Dataset records
§

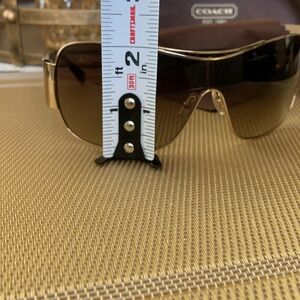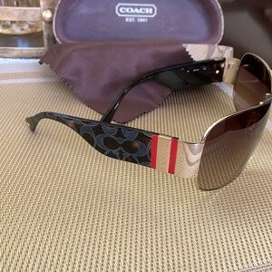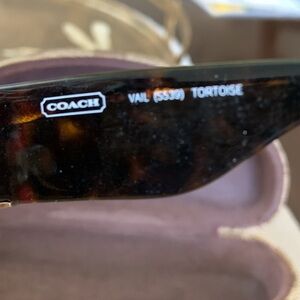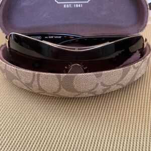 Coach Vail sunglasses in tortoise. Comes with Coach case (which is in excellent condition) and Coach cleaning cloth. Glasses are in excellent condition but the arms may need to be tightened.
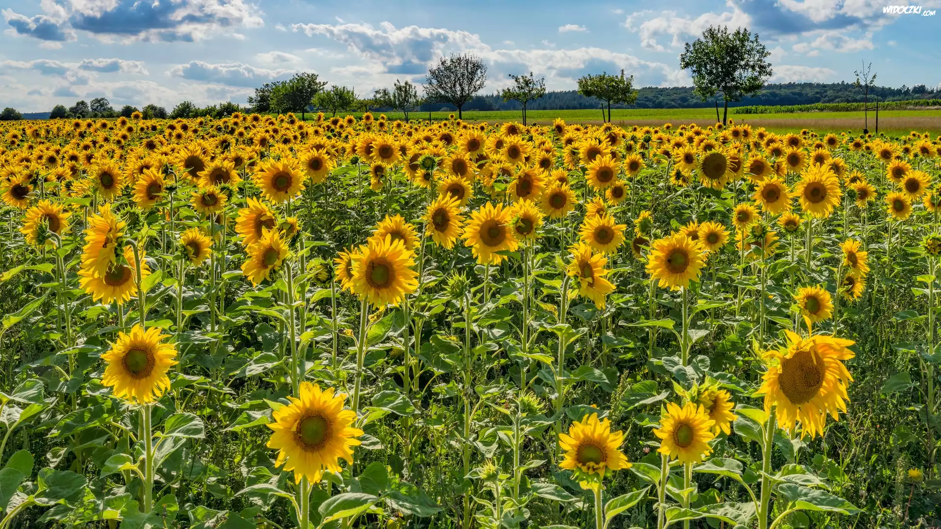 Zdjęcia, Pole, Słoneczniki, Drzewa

§

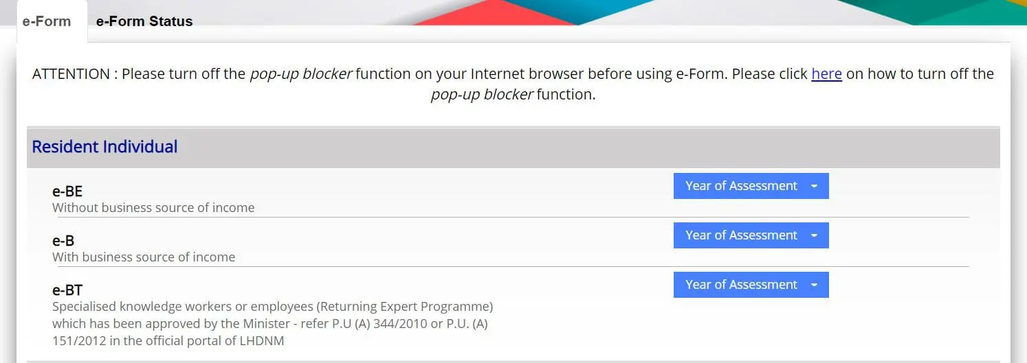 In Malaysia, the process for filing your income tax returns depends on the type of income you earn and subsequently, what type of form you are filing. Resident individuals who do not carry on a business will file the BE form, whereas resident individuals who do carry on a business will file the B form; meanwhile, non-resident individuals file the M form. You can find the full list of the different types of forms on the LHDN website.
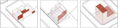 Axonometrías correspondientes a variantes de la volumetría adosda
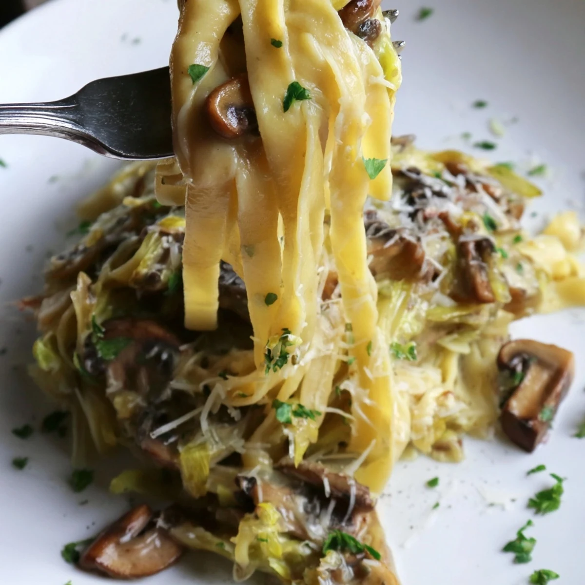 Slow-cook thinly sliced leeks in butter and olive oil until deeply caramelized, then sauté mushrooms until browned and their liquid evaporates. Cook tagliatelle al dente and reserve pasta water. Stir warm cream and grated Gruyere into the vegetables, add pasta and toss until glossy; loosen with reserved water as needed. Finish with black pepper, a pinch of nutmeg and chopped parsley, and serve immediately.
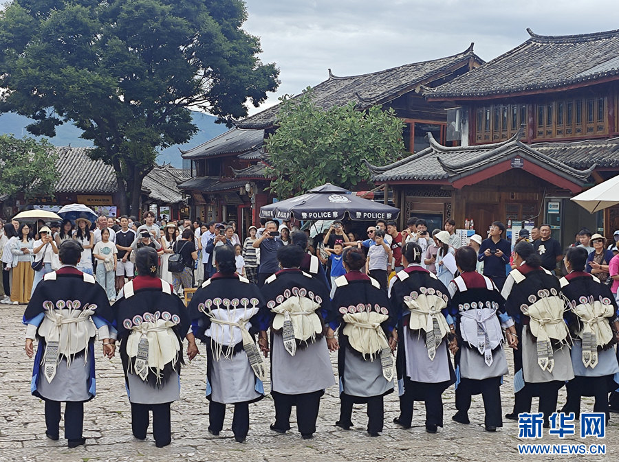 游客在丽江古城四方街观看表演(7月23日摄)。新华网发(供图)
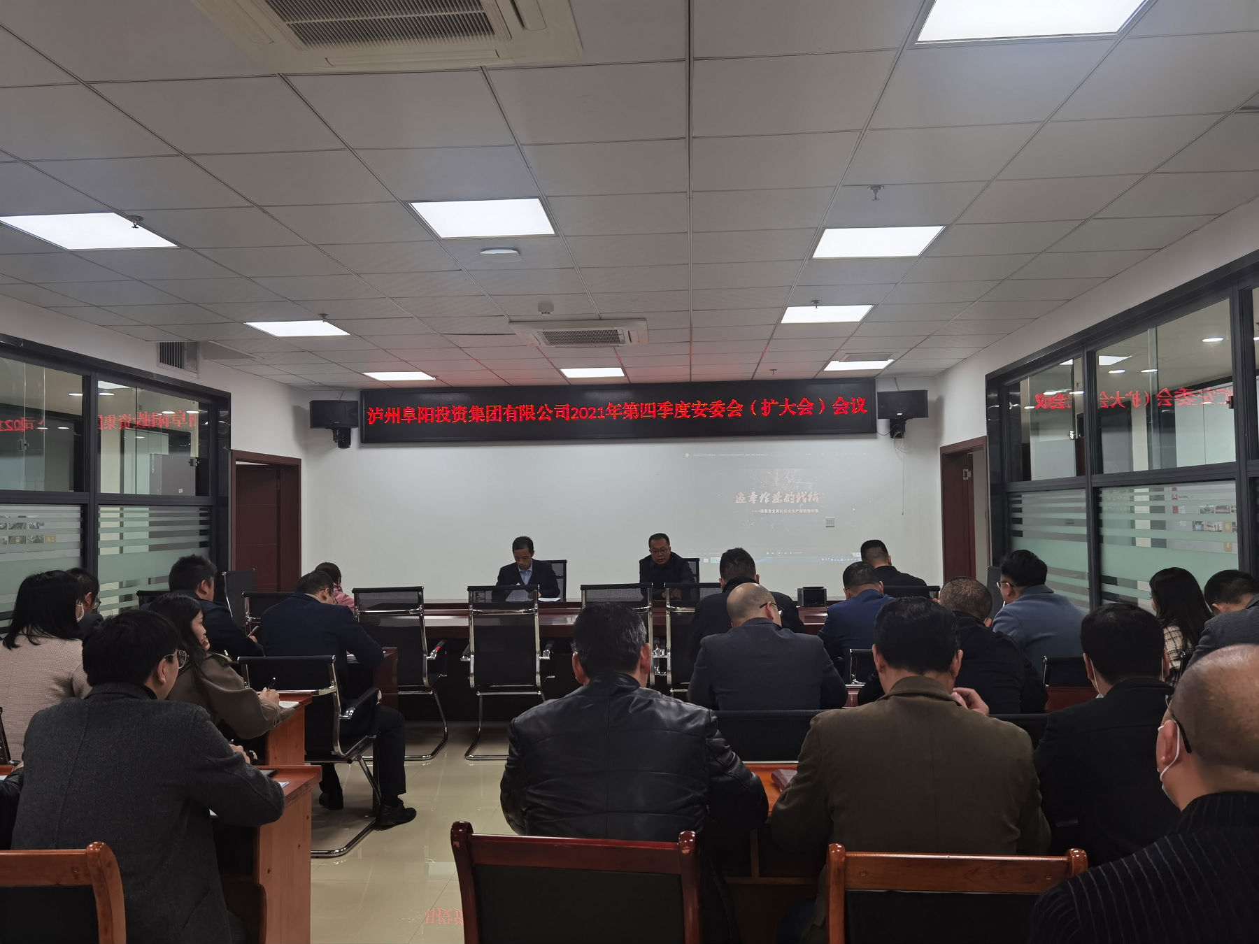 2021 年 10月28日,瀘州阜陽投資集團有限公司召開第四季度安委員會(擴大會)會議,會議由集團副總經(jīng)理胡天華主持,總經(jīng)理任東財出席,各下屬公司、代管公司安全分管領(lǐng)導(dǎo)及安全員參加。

§

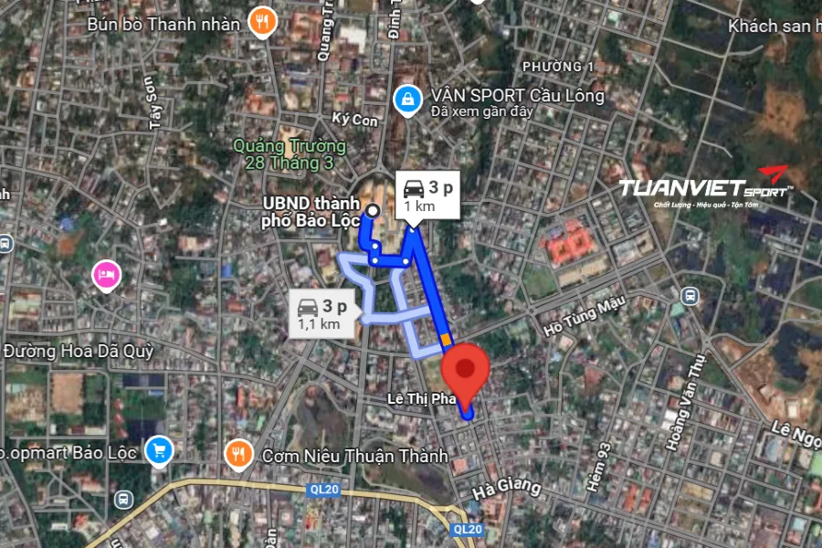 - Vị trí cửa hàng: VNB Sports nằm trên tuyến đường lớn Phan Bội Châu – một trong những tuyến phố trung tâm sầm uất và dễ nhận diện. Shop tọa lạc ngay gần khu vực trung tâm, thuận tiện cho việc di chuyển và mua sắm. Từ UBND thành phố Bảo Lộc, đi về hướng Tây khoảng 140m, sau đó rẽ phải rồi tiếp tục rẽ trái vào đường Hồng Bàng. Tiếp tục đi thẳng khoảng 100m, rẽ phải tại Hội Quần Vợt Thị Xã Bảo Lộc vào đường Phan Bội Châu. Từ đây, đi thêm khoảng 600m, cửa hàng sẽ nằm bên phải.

§

Task prompt
Everything from the line with "Coach Vail sunglasses" down to the line with "Zdjęcia, Pole, Słoneczniki, Drzewa" in the data above should be copied exactly, with both end lines kept and the pictures left out.

Task answer
 Coach Vail sunglasses in tortoise. Comes with Coach case (which is in excellent condition) and Coach cleaning cloth. Glasses are in excellent condition but the arms may need to be tightened.
 Zdjęcia, Pole, Słoneczniki, Drzewa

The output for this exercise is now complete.